[This is the first in a several part series on creating representative samples from convenience sampling data]

Earlier Jon Haidt discussed the “problem” of representativeness of the YourMorals data and concluded that it wasn’t such a problem after all. Convenience samples drawn from the internet can produce reliable data. This is particularly true when we are more interested in taking valid measurements than in painting a representative picture of some underlying population.

But what if we would also like to know something about the underlying population? If we had data that were representative of the country as a whole, we would be able to ask a new set of questions. Does knowing where the states fall in terms of their Moral Foundations tell us anything about voting behavior? We might expect scores on the purity foundation to explain state-level attitudes about gay marriage or the fairness foundation to explain attitudes about tax policy. To answer these kinds of questions, we need representative samples (also see Jesse Graham’s comment in the above link).

In sampling theory, the gold standard is the probability sample. When all individuals in the population have a known (but not necessarily equal) probability of being included in the sampling frame, we can construct reliable estimates of the population parameters and, given sufficient sample size, be confident that these estimates are within some distance of the true values in the population. However, the central assumptions of sampling theory are violated in convenience sampling (but see this discussion of the representation problems in traditional “random” sample polls).

First, we would like to get a sense of how the YourMorals data stacks up against other population measures. We collected data on several demographic characteristics of individuals in the YourMorals dataset. We can easily compare these against population values collected from the census or other representative samples.

One area where we can clearly see the representation problems in the YourMorals data is self-reported ideology. Considering only U.S. respondents for the time being (as all of the following analyses do), recent national samples put the proportion of people who consider themselves “liberal” at between 18 and 22 per cent. In the YourMorals data, this figure is nearly 65 percent.* Given this skew in the data, we might be hesitant in trying to make inferences about the general population from a sample that looks so much different.

The figures below show how the YourMorals data compares with the population values across a handful of demographic and attitudinal variables.

Source: Pew Center for the People and the Press, 2001-2008

This figure shows how even with a significant intercept shift (almost 50 points), the rank ordering of the states stays pretty close to the same. This is encouraging as it means we are not drawing the same type of individual from each state. Put differently, knowing the state that an individual resides in tells us something about the probability that he or she identifies as a liberal. What we would not want to see here would be a horizontal line (indicating no relationship).
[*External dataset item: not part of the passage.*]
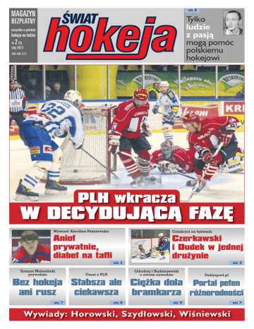 WIAT MAGAZYN BEZPŁATNY wszystko o polskim str. 8 Tylko ludzie z pasją mogą pomóc polskiemu hokejowi hokeju na lodzie 2 nr (5) luty 2012 fot. Witold Saternus ISSN 1895-7773 PLH wkracza W DECYDUJĄCĄ FAZĘ Wywiad: Karolina Późniewska Anioł prywatnie, diabeł na tafli Tomasz Malasiński prywatnie Celebryci na łyżwach str. 5 Czerkawski i Dudek w jednej drużynie str. 3 Odrobny i Radziszewski o swoim zawodzie Czesi o PLH Dailysport.pl Bez hokeja Słabsza ale Ciężka dola Portal pełen ani rusz ciekawsza bramkarza różnorodności str. 7 str. 6 str. 9 Wywiady: Horowski, Szydłowski, Wiśniewski str. 7 2 WIAT MAREK WRÓBEL, napastnik Nesty Karaweli Toruń – Co najbardziej pana zaskoczyło podczas rundy zasadniczej? – Najbardziej zaskakuje mnie zaciętość i gra pięciu pierwszych drużyn. Ich mecze są niezwykle wyrównane, dzieli je tylko parę punktów. Teraz każdy starał się o wejście do pierwszej czwórki, także nie było meczów o nic. – Który sztab trenerski sprawdził się najlepiej? – Myślę, że zmiana trenera w Sanoku miała duże plusy. Jak widać, Ciarko PBS Bank ma ogromną przewagę. Gdy Marek Ziętara przejął drużynę, zaczęła ona odnosić więcej zwycięstw, niż za czasów trenera Milana Jančuški. – Na którym z lodowisk panowała najlepsza atmosfera? – Mnie najlepiej gra się w Tychach. Tam zawsze na mecze przychodzi dużo ludzi. Dzięki temu, atmosfera jest bardzo hokejowa. – Który z zawodników zrobił na panu największe wrażenie? – Z polskich zawodników, jak wiadomo Leszek Laszkiewicz jest liderem klasyfikacji punktowej już od wielu sezonów. Moim zdaniem jest najlepszym, polskim zawodnikiem. W każdym meczu wnosi coś od siebie i daje ComArch Cracovii te najważniejsze bramki. Jeśli na kimś się wzorować w polskiej lidze, to właśnie na nim. Na drugim miejscu postawiłbym na Martina Vozdeckýego z Sanoka. Jest bardzo dobrze wykształcony technicznie, a ponadto bardzo szybki i zwinny, chociaż nie posiada takich warunków fizycznych, jak Laszkiewicz. Pomimo tego, bardzo dużo wnosi do drużyny, jest liderem Sanoka. not. rs PZHL ComArch Cracovia w pełnej mobilizacji Najważniejszy najbliższy mecz Drogą przez mękę można nazwać tegoroczną walkę ComArch Cracovii o pierwszą czwórkę play-off. Drużyna mistrza Polski została przed sezonem znacznie osłabiona. Odeszli zawodnicy mający duży wpływ na postawę zespołu i jego wyniki. Rozstano się m.in. z Łopuskim, Kłysem, Noworytą i Pasiutem, a Kostuch wolał pracę zawodową za oceanem niż grę w PLH. fot. Damian Lizak sonda podsumowanie fazy zasadniczej W ich miejsce sprowadzono perspektywicznego Chmielewskiego, oraz solidnych Bescha, Leniusa i Sucharskiego, a także bardziej jako uzupełnienie składu – Kulika. Biorąc pod uwagę te zmiany kadrowe tylko najwięksi optymiści byli spokojni o grę „Pasów” w Ekstralidze. Rywale w walce o czołowe lokaty, jak Sanok, Tychy, Oświęcim i Jastrzębie, nie tylko utrzymały składy z poprzedniego sezonu, ale wręcz je wzmocniły. Trener Rudolf Roháćek zapewniał przed startem rozgrywek, że drużyna myśli tylko o grze o najwyższe cele, ale już pierwsze mecze pokazały, iż załapanie się do pierwszej czwór- ki będzie trzeba okupić ogromnym wysiłkiem. W trakcie sezonu udało się zakontraktować Immonena, świetnego obrońcę z Finlandii oraz Horowskiego, Kowalówkę, Cieślickiego i Postka, którzy stanowią uzupełnienie składu. Kibice liczyli, że grudniowa przerwa w rozgrywkach ogłoszona ze względu na mecze reprezentacji, pozytywnie wpłynie na zawodników w białoczerwonych koszulkach. Po ćwierćfinałowym zwycięstwie w Pucharze Polski nad Tychami, na drodze po to trofeum stanął jednak Sanok. – Mieliśmy osłabienia kadrowe, ale mamy i nowe nabytki. Inne zespoły jeszcze bardziej się wzmoc- hokej – Przed telewizorem czy nawet na trybunach przy lodowisku, człowiek nie zdaje sobie sprawy, jak trudny i siłowy jest hokej – przyznaje Michał Wiśniewski, lider zespołu Ich Troje. kocham Wiśniewski na lodzie WIAT Redakcja: Dawid Góra (red. nacz.), Radosław Sznajder Projekt graficzny: Ryszard Szokalski Wydawnictwo nie ponosi odpowiedzialności za treść zamieszczonych ogłoszeń i reklam. Adres do korespondencji: 32-020 Wieliczka, ul. Limanowskiego 7, tel. 12 431 00 03 [email protected] fot. arch. artysty Bilety już w sprzedaży Ruszyła internetowa sprzedaż biletów na Mistrzostwa Świata Dywizji IB, które odbędą się w dniach 15-21 kwietnia br. w Krynicy-Zdroju. Kibice będą mogli zakupić bilety na poszczególne mecze (10 zł – ulgowe; 20 zł – normalne), karnety całodzienne (30 zł) i karnet na wszystkie mecze krynickiego turnieju (100 zł). Przypominamy, że pod Górą Parkową rywalami Polaków będą: Litwini, Holendrzy, Rumuni, Koreańczycy i Australijczycy. Tylko najlepszy zespół awansuje do Dywizji IA. Rezerwacje i szczegóły dot. pakietów na stronie internetowej www.kupbilet.pl. niły, a w tabeli są za nami. Liga jest bardzo wyrównana. Ja twierdzę, że właściwe rozgrywki, tak naprawdę zaczną się dopiero 6 stycznia. Każdy z pierwszych pięciu zespołów może wygrać z każdym. Mam nadzieję, że podczas tej ostatniej dwutygodniowej przerwy udało nam skompensować niedotrenowanie i w styczniu wszystko będzie już funkcjonować tak, jak powinno – uspokajał trener Roháćek. Obecnie, „Pasy” nadal przeplatają dobre mecze słabymi. Porażki z Aksam Unią, a zwłaszcza niespodzianka sezonu, czyli przegrana z MMKS Podhale znacznie skomplikowała sytuację ComArch Cracovii w tabeli. – Nie wiem co się z nami stało. Sami chcielibyśmy znać odpowiedź na to pytanie, bo wtedy mielibyśmy kilka punktów więcej – mówił po feralnym meczu Piotr Sarnik, napastnik „Pasów”. Czwórkę drużyn walczących o dobrą pozycję przed rozgrywkami play-off dzieliła minimalna różnica punktowa i każda kolejka mogła mocno zmieniać układ tabeli. W duż

Source: American Community Survey, 2006-2008

Source: American Community Survey, 2006-2008

With race it is much the same story as ideology. For whites, there is a substantial intercept shift (almost 70 points), but states with larger white populations also are proportionally more white in the YourMorals data. The data for African Americans is noisier (there were fewer than 900 in the sample of over 60,000), but shows the same pattern. Here there is not a large intercept shift (as we have reached the floor of the data), but we see the same kind of increasing pattern.

Source: American Community Survey, 2006-2008

With respect to education, the data are further afield. The figure shows that the YourMorals sample is significantly more educated than the general population, but it becomes more difficult to draw a convincing trend line through the data. Individuals who came from states with higher levels of education were only marginally more likely to be highly educated themselves.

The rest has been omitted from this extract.